4) Morgoth and Ungoilant's drunken vandalism against the trees was what started everything

Why couldn't they have asked for repentance from the house of Feanor only, gave passage to the elves back to ME who wanted to go (they brought them there why not a return ticket), kicked Morgoth's butt sooner, I mean come on! Fingolfin rides alone against Morgoth and they just sit there on Tanquentil?


----------



## Hama (Mar 7, 2002)

I am not sure I understand the poll, so I haven't voted. But in reply to your post, I came up with the following:
1) They cursed the house of Fingolfin because although they did not mean it, they let loose the flow of blood in the Undying lands.
2) The Noldor were rebeling against the authority and power of the Valar, so the last thing the valar wanted to do was help them to do this by sending them to the Hither lands. 
3) Morgoth did kill the trees, but the Valar cunningly replaced them with the sun and the moon. There was no longer a reason to risk death and wage war on Morgoth. He was minding his own business in Angband and the Valar minded their own in Valinor.
And lastly, had they gone to war so quickly against Melkor, it would not have made such good reading.


----------



## Mormegil (Mar 7, 2002)

I think it's out of order how the Sindarin Elves, The Dwarves and the Edain of Beleriand were drawn into the doom of the Noldor. They had nothing to do with any of the Kinslaying etc. but were treated the same as the Noldor by the Valar.

Poor Turin .


----------



## Eonwe (Mar 7, 2002)

and as soon as Thingol demanded a Silmaril, he got hooked too.

Anybody have the quote of what Manwe says when he hears what Feanor's reply is to the summons he gives? This is just before they all start to leave.


----------



## baraka (Mar 7, 2002)

> And it was told by the Vanyar who held vigil with the Valar that when the messengers declared to Manwë the answers of Fëanor to his heralds, Manwë wept and bowed his head. But at that last word of Fëanor: that at the least the Noldor should do deeds to live in song for ever, he raised his head, as one that hears a voice far off, and he said: 'So shall it be! Dear-bought those songs shall be accounted, and yet shall be well-bought. For the price could be no other. Thus even as Eru spoke to us shall beauty not before conceived be brought into Eä, and evil yet be good to have been.'


----------



## baraka (Mar 7, 2002)

Although i think that Fëanor was the best elf ever, i think that the punishment of the Valar was fair.
The Noldor killed Teleri their own brethen. (But if you think about it, weren´t the Teleri just immortal shipbuilders, who sang all day long. At least the ones who died that day did something other than their usual boredom!, but it´s still very evil.)
I have always asked myself: Why couldn´t the Teleri "lend" some of their ships to their friends in their hour of need?

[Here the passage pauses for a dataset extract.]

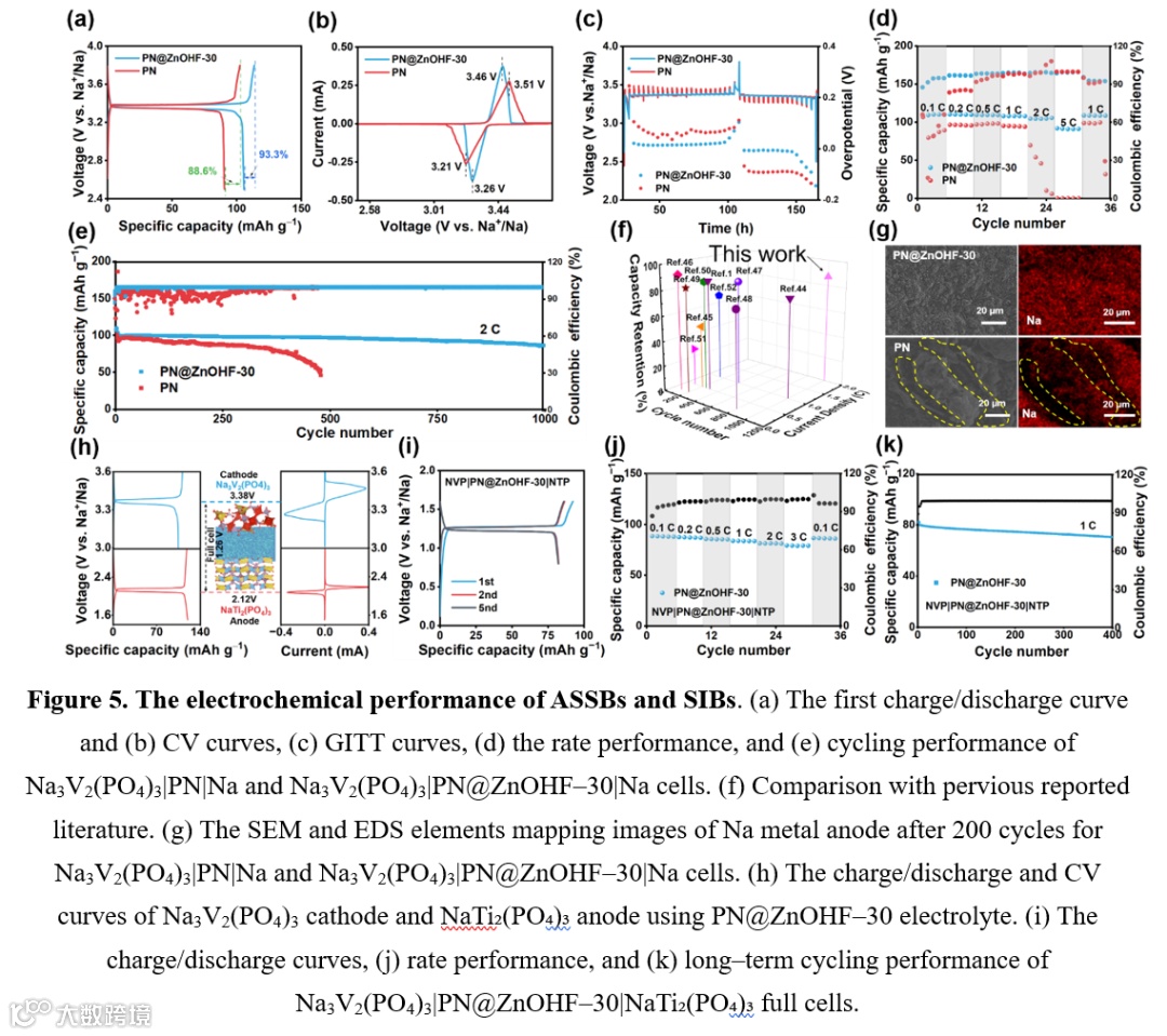 在PEO基聚合物固态电解质中引入ZnOHF−30填料所制备的PN@ZnOHF−30电解质,显著改善了机械性能和电化学性能。采用该电解质的Na₃V₂(PO₄)₃|PN@ZnOHF−30|Na半电池在工作温度下实现了1000次循环,容量保持率达86.6%。在5C倍率下展现出92.1 mAh g⁻¹的比容量。循环200圈后,SEM观察显示钠金属表面保持光滑,这种均匀的钠沉积有效抑制了枝晶形成,从而提升了电池的电化学性能。此外,Na₃V₂(PO₄)₃|PN@ZnOHF−30|NaTi₂(PO₄)₃全电池表现出优异的循环稳定性(400次循环后容量保持率88.1%)。研究证实,通过优化ZnOHF(110)和(111)晶面−OH和F⁻基团的界面调控策略所开发的PN@ZnOHF−30电解质,显著提高了钠离子电池(SIB)和固态金属电池(SSMB)的安全性与电化学性能,展现了其在未来高安全性储能系统中的应用潜力。

I don´t get it.


----------



## Hama (Mar 7, 2002)

The Silmarillion does say why the Teleri did not just hand over the ships. The ships were almost like their children. They were the best ships that were ever made, and were fashioned with their own hands after much work. The last thing they would want to do was hand them over for no cost to some arrogant Noldor prince, who was rebeling against the authority of the Valar.


----------



## baraka (Mar 7, 2002)

I didn´t mean for the Teleri to give them away, they could provided them with passage to ME and then they themselves return to "paradise" and keep up their daily routines.


----------



## Hama (Mar 7, 2002)

But why should they have helped people who openly rebeled against the Valar. Had they aided their return to Middle Earth, the Teleri may have fallen under a similar doom of the Valar as the Noldor, perhaps. Whatever the result, their cooperation would not have pleased the Valar one bit.


----------



## Hama (Mar 7, 2002)

Also, Feanor was more than a little haughty when he demanded that they hand over the ships, which would have made the Teleri all the more stubborn and less cooperative.


----------



## baraka (Mar 7, 2002)

> Then Fëanor grew wrathful, for he still feared delay; and hotly he spoke to Olwë. 'You renounce your friendship, even in the hour of our need,' he said. 'Yet you were glad indeed to receive our aid when you came at last to these shores, fainthearted loiterers, and wellnigh emptyhanded. In huts on the beaches would yon be dwelling still, had not the Noldor carved out your haven and toiled upon your walls.'





> But Olwë answered: 'We renounce no friendship. But it may be the part of a friend to rebuke a friend's folly. And when the Noldor welcomed us and gave us aid, otherwise then you spoke: in the land of Aman we were to dwell for ever, as brothers whose houses stand side by side. But as for our white ships: those you gave us not. We learned not that craft from the Noldor, but from the Lords of the Sea; and the white timbers we wrought with our own hands, and the white sails were woven by our wives and our daughters. Therefore we will neither give them nor sell them for any league or friendship. For I say to you, Fëanor son of Finwë, these are to us as are the gems of the Noldor: the work of our hearts, whose like we shall not make again.'


I agree that it was not the most courteous way of asking their help, but the Noldor helped them in the past and in their hour of need the Teleri didn´t consider even lending or providing passage to ME.


----------



## Grond (Mar 7, 2002)

> _Originally posted by Eonwe _
> *Why curse the Noldor?
> 
> I mean Feanor was leading everyone with his voice, they slew the Teleri at Alqualonde, a few Noldor wanted to leave to ME to make their own realms, but overall...
> ...


Eonwe, your post confuses me because it is not correct. 
1) The Valar fought Morgoth twice in the First Age. The first time was right after the Elves awakened. Eru spoke to Manwe and he became aware that it was time for the Vala to again take mastery of Middle-earth. Melkor was chained and made to spend three ages in the void. The trouble began after he was released. Of course, the second battle occurred at the end of the First Age when Earendil convinced the Vala to fight on behalf of the Peoples of Middle-earth and to vanquish Melkor once and for all.... and this was done.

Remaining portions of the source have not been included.